Einmal hatten wir das Herabsinken der Sonne trotz Panjas Vorsicht verpaßt, und die Finsternis überraschte uns am sumpfigen Ufer eines Flusses. Guru schnupperte in die feuchte Nachtluft hinaus und spähte vom Ufer aus zu den gegenüberliegenden Palmenhainen hinüber, und richtig sahen wir nach einer Weile ein schwaches Lichtlein aufblinken. Als das Zelt aufgeschlagen worden war und die Feuer brannten, hörten wir, wie das Flußwasser von Ruderschlägen plätscherte, oberhalb unseres Zeltes verklang das Geräusch, und das Dickicht raschelte, aber dann blieb alles still.
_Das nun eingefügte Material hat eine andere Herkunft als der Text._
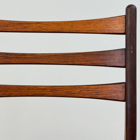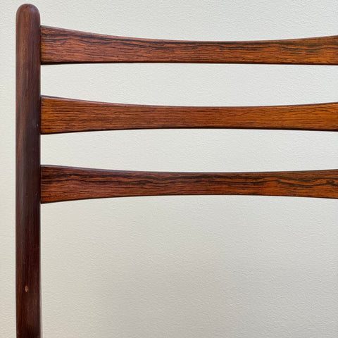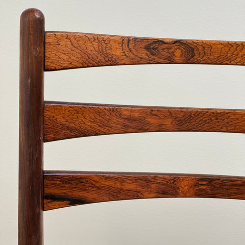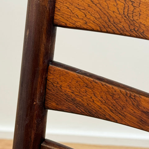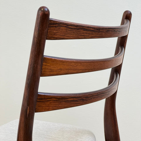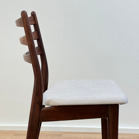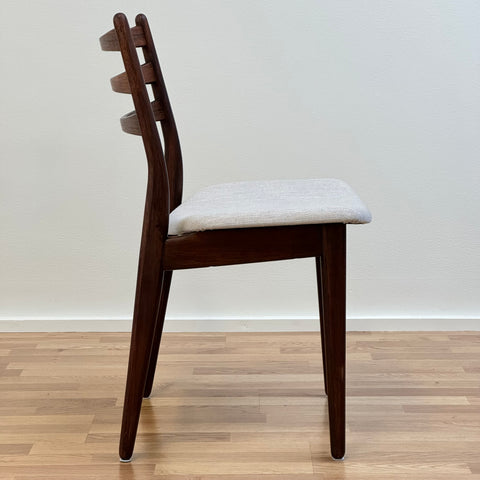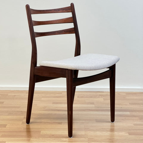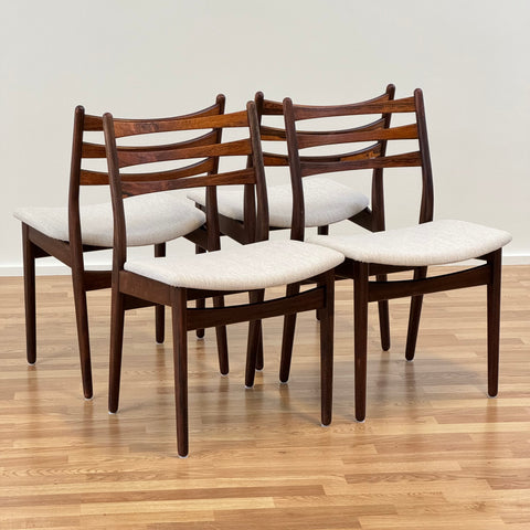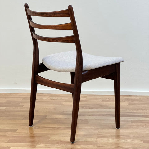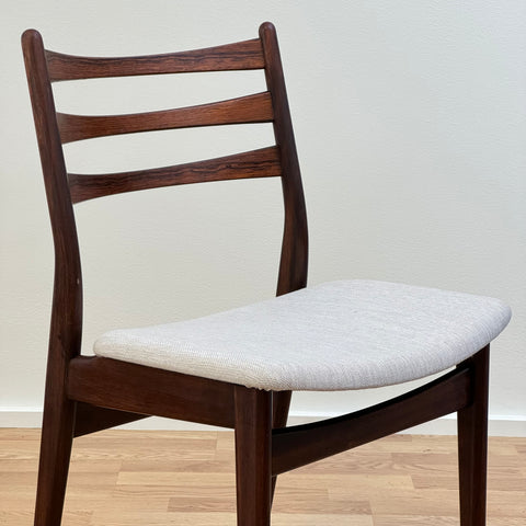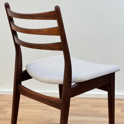 Set om fyra stolar tillverkade i Danmark på 1950-60-talet. Stolarna är gjorda av massivt trä i konstruktionen och rosenträfanér på ryggstödet. Stolarna har blivit helt renoverade och omklädda av vårt team. Stoppningen har bytts ut och vi har valt ett x-tyg för dessa möbler. De säljs som ett set om 4 och priset är per styck, för att se tillgänglighet av fler av samma stolar vänligen kontakta oss via info@beyovintage.se

„Jetzt haben die Mangroven Augen bekommen,“ sagte Panja, „aber es muß ein leichtsinniges Volk sein, denn sie fürchten den Panther nicht.“
Auf Elias war in dieser Beziehung kein rechter Verlaß, denn seine Gesinnungsart hinderte ihn daran, friedlich sich nähernde Nachtwandler durch Gebell zu ängstigen. Hörten wir den Panther in der Nähe des Lagers husten, so pflegte Elias sich in den Hintergrund des Zeltes zurückzuziehen, nicht etwa, weil er Furcht hatte, sondern weil es ihm dort besser gefiel.
Am Tage hatte ich eine Häherdrossel geschossen, ich rupfte ihr das braune Gefieder aus, und das zierliche Köpfchen mit den hellblauen Augenringen schlenkerte mit geöffnetem Schnabel über meinem Knie. Gurus Augen fehlten nur noch diese hellfarbigen Ringe, um ebenso starr und leblos dreinzuschauen wie meine Jagdbeute. Er begriff nicht, daß ich Vögel verspeiste, in denen wahrscheinlich die Seele eines Abgeschiedenen mitverschlungen wurde. Panja war in dieser Beziehung seiner heimatlichen Weltbetrachtung längst entrückt. In den Kupferkesseln siedete das Wasser, und eine Unmenge beschwingten Nachtvolks sammelte sich im Feuerschein, umschwärmte die Flammen wie farbige Funken, oder glotzte von den Blättern aus in dies unfaßbare rote Leben, aus dessen Glut der Tod lockte.
Panja brachte mir freundlich die Reste meines Rasiermessers, das einer Taschensäge glich und auch als solche hier und da Verwendung fand. Es war in Zeiten betrüblicher Unkenntnis einmal von einem Koch zum Schlachten einer Ziege verwendet worden; so rächt es sich, wenn wir Europäer ein argloses Volk zu unsern barbarischen Sitten verleiten. Ein Schatten dieses Barbarentums lagerte nun seit langem in unsteten Wucherungen um mein Kinn und um meine Wangen und wetteiferte an planloser Ausgestaltung mit der Pflanzenwelt des Dschungelbodens. Guru hatte in den Pfefferranken bei Tage Vogelnester ausgenommen und mir die Eier gebracht, wir kochten aber nur die, welche noch nicht piepten. Panja kaute Betel und sah mir zu, er hatte viel Sinn dafür, wann eine Arbeit mich selbst vergnügte und wann er sie mir abnehmen mußte, auch fühlte er sich in der letzten Zeit in seiner Rolle als Reiseführer sichtlich geläutert, und mir schien es, als täte er seine Arbeit mit einem ganz neuen Bewußtsein schöner Freiheitlichkeit. Pascha putzte Palmenschößlinge, das zarteste und wohlschmeckendste Gemüse, das Indien zu bieten hat, aber ein streng verbotenes Gericht, weil das Leben der Palme, durch diesen Raub ihres Herzens, zerstört wird. Der weißliche, mittlere Trieb des Baumes wird herausgeschnitten, er ist zart wie ganz frische Haselnüsse und schmeckt ähnlich; mit Öl und saurem Fruchtsaft zubereitet, stellt er einen Salat dar, wie ihn die europäische Küche nicht aufzuweisen hat.
„Soll ich die Leute fragen, ob Mangobäume im Dorf stehen?“ sagte Guru plötzlich.
„Welche Leute?“ fragte ich erstaunt.
„Jene dort“, sagte Guru und zeigte vor sich hin.
Da erkannte ich die braunen Gesichter im Feuerschein zwischen den Blättern der Mangroven. Ich hatte mich längst daran gewöhnt, daß ich niemals allein war, aber ich erschrak jedesmal aufs neue. Erst zählte ich fünf, dann zehn und endlich etwa zwanzig große und kleine Gesichter, das ganze Dorf schien versammelt.